Observing Chiral Superfluid Order by Matter-Wave Interference

The breaking of time-reversal symmetry via the spontaneous formation of chiral order is ubiquitous in nature. Here, we present an unambiguous demonstration of this phenomenon for atoms Bose-Einstein condensed in the second Bloch band of an optical lattice. As a key tool, we use a matter-wave interference technique, which lets us directly observe the phase properties of the superfluid order parameter and allows us to reconstruct the spatial geometry of certain low-energy excitations, associated with the formation of domains of different chirality. Our work marks a new era of optical lattices where orbital degrees of freedom play an essential role for the formation of exotic quantum matter, similarly as in electronic systems.

Figure 1

(a) Bipartite lattice geometry. The unit cell with two potential minima denoted by $A$ and $B$ is highlighted. $\lambda =1064\mathrm{nm}$. (b) The second band is plotted across the second Brillouin zone.
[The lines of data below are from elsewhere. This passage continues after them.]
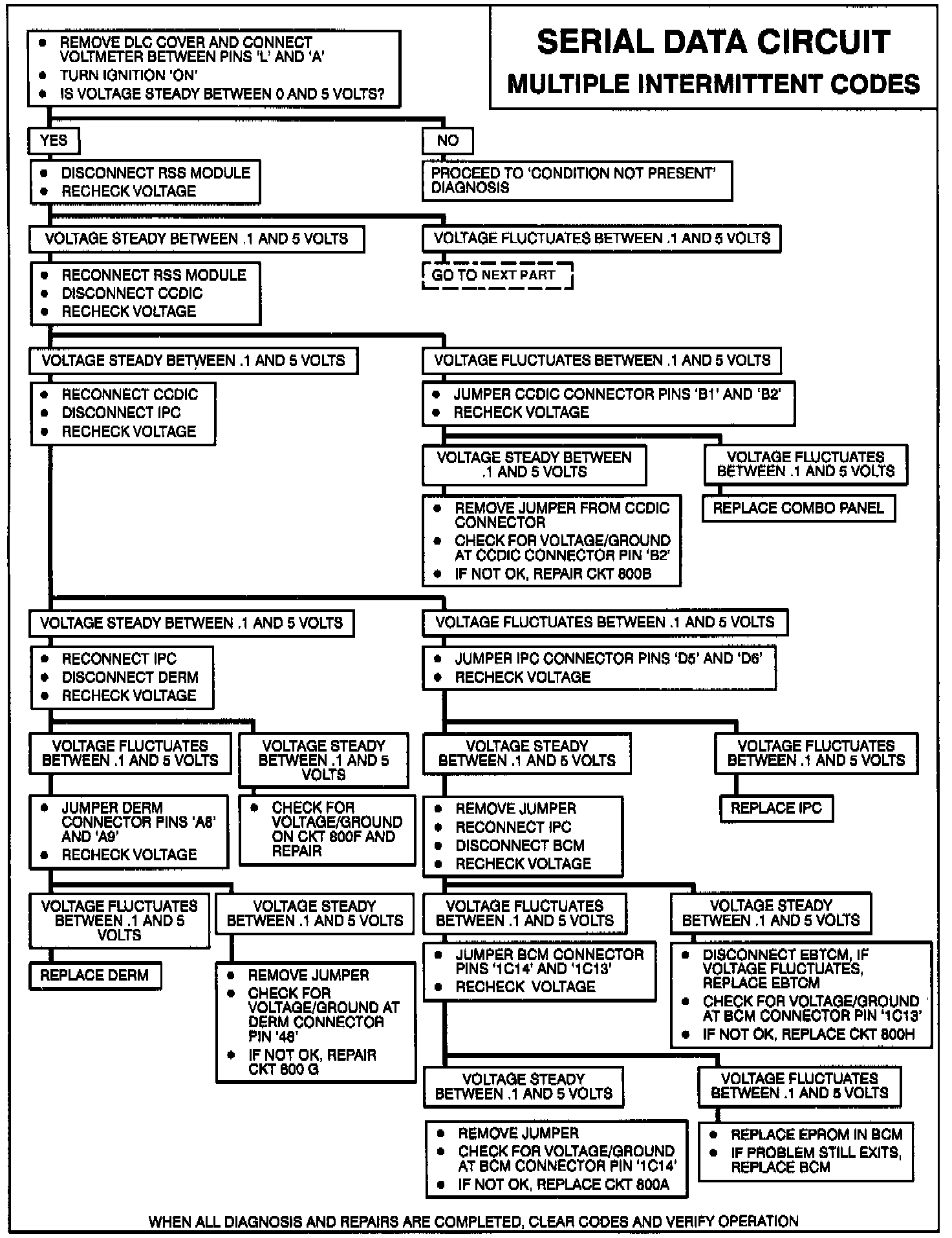 A damaged data line circuit or one of the components connected to the data line may cause multiple or intermittent setting of the data line Codes B332, B333, B334, B335, B336, B337 and/or B339. When operating normally, the serial data line voltage should continually fluctuate from .1 to 5 volts.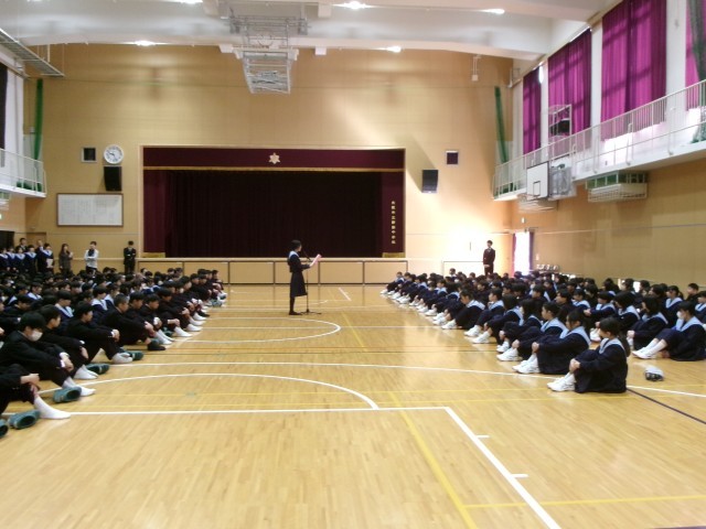 本日、新クラスの発表後に体育館で始業式・着任式・対面式がおこなわれました。卒業式以来、少しさびしさを感じていましたが新入生を迎え、新しい雰囲気の中でスタートをきることができました。始業式・着任式・対面式は、緊張と期待が入り混じる中進んでいきました。
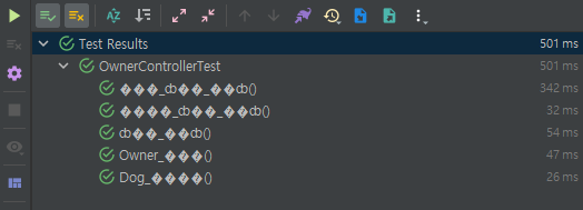 | 인텔리j에서 메소드명을 한글로 하면 간혹 깨질때가 있는데 인코딩문제로 인코딩을 해결하면 한글로 잘 나온다.
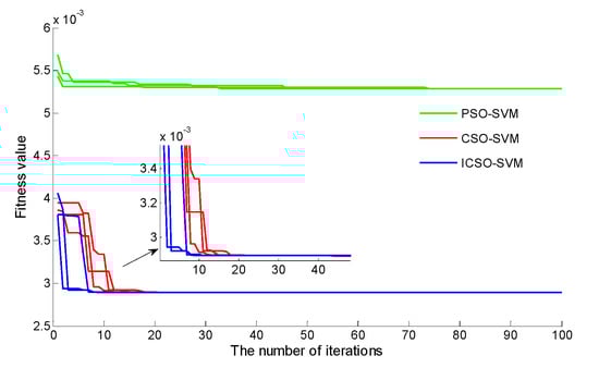 Figure 7 presented the iterative curve of the PSO-SVM model tends to be stable when the number of iterations is 76, and the fitness value is 5.29 × 10−3. The iterative curve of the CSO-SVM model tends to be stable when the number of iterations is 18, and the fitness value is 2.89 × 10−3. The iterative curve of the ICSO-SVM model is basically stable when the number of iterations is 7, and the fitness is 2.89 × 10−3. The iterative stability times and fitness value of the ICSO-SVM model are better than other models.

Two degenerate band minima in the points $X_{\pm }$ arise. (c),(d) The spatial wave functions associated with the Bloch states $|{\psi }_{\pm }⟩$ associated with $X_{\pm }$ are composed of local $s$ and $p$ orbitals with the local phases $\pm 1$ (indicated by red and green) arranged in order to maximize tunneling.

Figure 2

(a) The tubular minima of the lattice potential are split into upper (red) and lower (blue) sections with a cylindrically focused laser beam (light blue). Condensates are simultaneously prepared in the $X_{\pm }$ points of the second band in the two regions of the lattice spatially separated by the light sheet. (b) Band mapping image, showing equally populated condensates at the minima of the second band $X_{\pm }$. (c) Sketch of atomic spatial distribution after a ballistic expansion of 25 ms. The gray area corresponds to the second Brillouin zone. Each of the four Bragg maxima 1–4, corresponding to the $X_{\pm }$ points in Fig. 1, carries an interference grating aligned with the $z$ axis. (d) Absorption image along the line of sight indicated by the vector $\mathbf{r}$ in (c), which lies in the $xy$ plane and encloses an angle of $\alpha =13°$ with the $y$ axis.

Figure 3

(a) The left (I) and right (II) panels show examples of the two classes of observed interference patterns. The upper row shows the original data, which are repeated in the lower row after band-pass filtering and normalization. A data set comprises four density gratings $n_i(\tilde{z})$ with $i\in \{1,2,3,4\}$ corresponding to the four Bragg maxima in Figs. 2 and 2 [see the text for a definition of $n_i(\tilde{z})$]. The black dashed boxes highlight the spatial correlations among the four density gratings. (b) Stacked histogram for the density-density cross correlation ${\rho }_{i,j}$ with both indices odd or even. (c) Stacked histogram for the density-density cross correlation ${\rho }_{i,j}$ with mixed indices. (d) Wave function associated with the state $|\pi /2,+⟩$. The colors parametrize the local phase factor ranging from $+1$ (red) via $+i$ (green) and $-1$ (cyan) to $-i$ (purple). (e) A section of the calculated interference patterns is shown, which exhibits the same spatial correlations as found in (a).

Figure 4

(a) Interference pattern of a slightly excited sample: the inner density gratings (2 and 4) show vertical nodal lines indicated by the arrows at the lower edge. (b) Schematic of the experimental scenario, which explains the observations. The atomic sample in the upper lattice region is divided into two equally sized domains of different chirality indicated by the orange and green areas. The sample in the lower lattice region (green area) carries no excitations. (c) Calculation of the interference based on the scenario illustrated in (b). The nodal lines corresponding to the observations are indicated by black arrows.